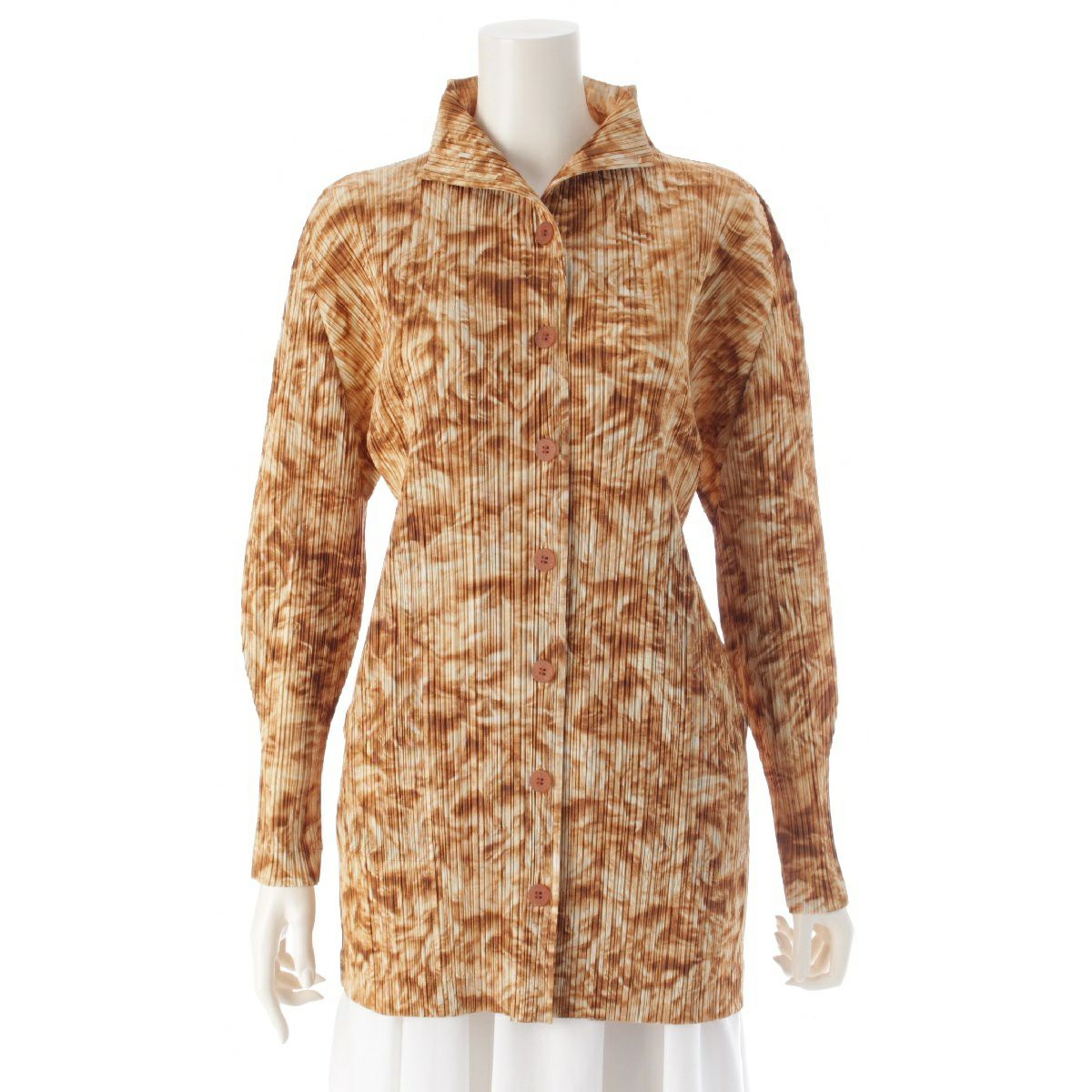 プリーツプリーズ イッセイミヤケ 総柄 長袖シャツ トップス ブラウス PP03-JD691 ブラウン 3
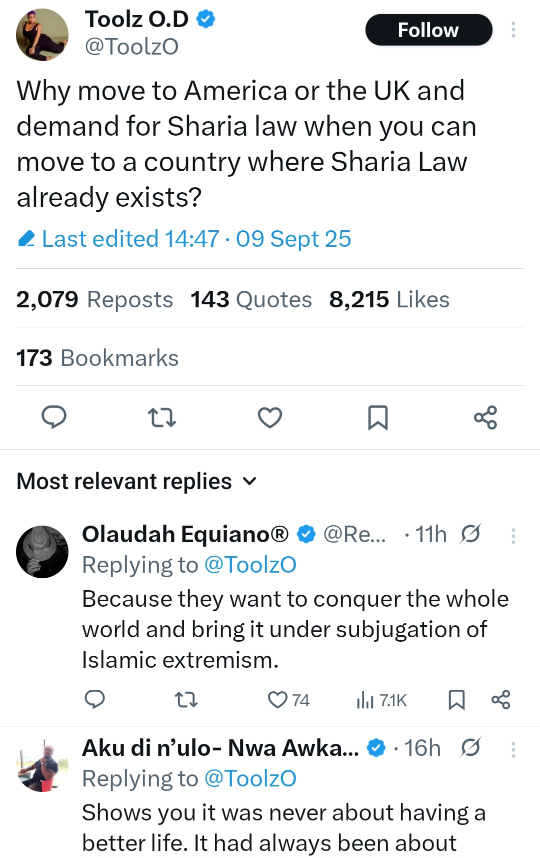 Toolz questioned why such people do not just move to countries where Sharia law already exists.
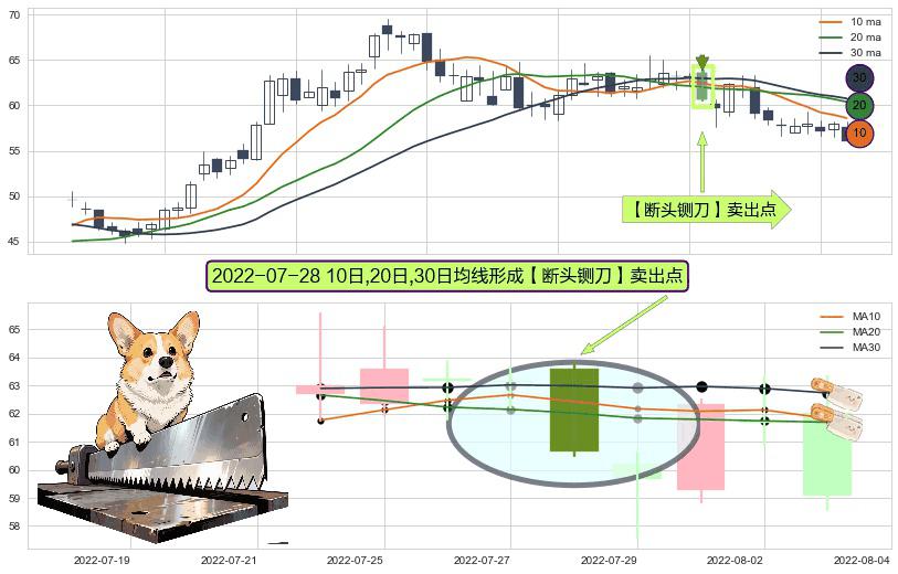 ⚀ 2022-07-28日显现 10日-20日-30日均线 【断头铡刀】卖出点 看空信号,后市看跌,卖出
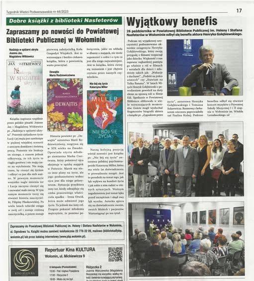 Piszą o nas w prasie w Wieści Podwarszawskie pt. „Wyjątkowy benefis", aktora Henryka Gołębiewskiego.
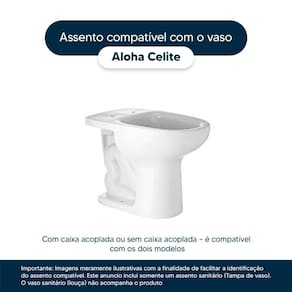 Instalação Simples e Rápida: Com todos os parafusos e componentes necessários incluídos, a instalação é rápida e descomplicada. Seu novo assento estará pronto para uso em questão de minutos. Desenvolvido especificamente para o modelo Aloha da marca Celite, com ou sem caixa acoplada, proporciona um encaixe perfeito, oferecendo estabilidade e conforto durante o uso.
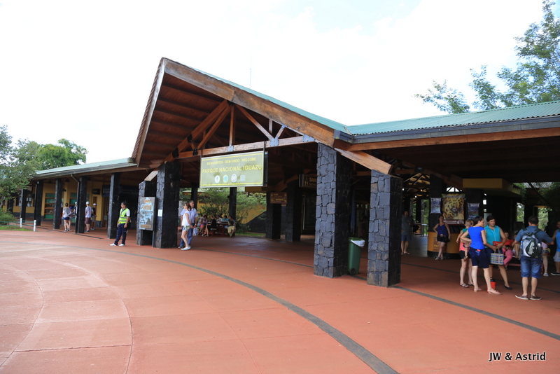 Geen probleem op zich, we ontbijten en gaan op weg naar de watervallen aan de Argentijnse kant. Het is opnieuw bewolkt maar wel droog. Vanuit ons hotel is het maar een klein stukje rijden en rond 9.00 uur wandelen we Parque Nacional Iguazu in met ons toegangsbewijs.
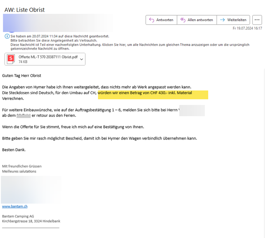 In der Zwischenzeit erhielt ich noch die Antwort betreffend den Lüfter und der Anhängerkupplung mit Gewichts erhöhung der Garage.
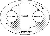 Figure 2 extends Figure 1 to show list server discourse as a cycle of origination and response between participants that is shared with a community through a computer-mediated channel. The community involvement leads to more complex discourse patterns in that: the originator may not direct the message to a particular recipient; there may be multiple responses to a message; and the response from the recipient may itself trigger responses from others who did not originate the discourse. For a particular discourse sequence this leads to a natural division of the community into active participants who respond and passive participants who do not.

# # # # # # #

**ASSIGNED TASK**
Every entry above needs to be copied exactly, and no pictures go with it.

**ANSWER FOR THIS EXERCISE**
 プリーツプリーズ イッセイミヤケ 総柄 長袖シャツ トップス ブラウス PP03-JD691 ブラウン 3
 Toolz questioned why such people do not just move to countries where Sharia law already exists.
 ⚀ 2022-07-28日显现 10日-20日-30日均线 【断头铡刀】卖出点 看空信号,后市看跌,卖出
 Piszą o nas w prasie w Wieści Podwarszawskie pt. „Wyjątkowy benefis", aktora Henryka Gołębiewskiego.
 Instalação Simples e Rápida: Com todos os parafusos e componentes necessários incluídos, a instalação é rápida e descomplicada. Seu novo assento estará pronto para uso em questão de minutos. Desenvolvido especificamente para o modelo Aloha da marca Celite, com ou sem caixa acoplada, proporciona um encaixe perfeito, oferecendo estabilidade e conforto durante o uso.
 Geen probleem op zich, we ontbijten en gaan op weg naar de watervallen aan de Argentijnse kant. Het is opnieuw bewolkt maar wel droog. Vanuit ons hotel is het maar een klein stukje rijden en rond 9.00 uur wandelen we Parque Nacional Iguazu in met ons toegangsbewijs.
 In der Zwischenzeit erhielt ich noch die Antwort betreffend den Lüfter und der Anhängerkupplung mit Gewichts erhöhung der Garage.
 Figure 2 extends Figure 1 to show list server discourse as a cycle of origination and response between participants that is shared with a community through a computer-mediated channel. The community involvement leads to more complex discourse patterns in that: the originator may not direct the message to a particular recipient; there may be multiple responses to a message; and the response from the recipient may itself trigger responses from others who did not originate the discourse. For a particular discourse sequence this leads to a natural division of the community into active participants who respond and passive participants who do not.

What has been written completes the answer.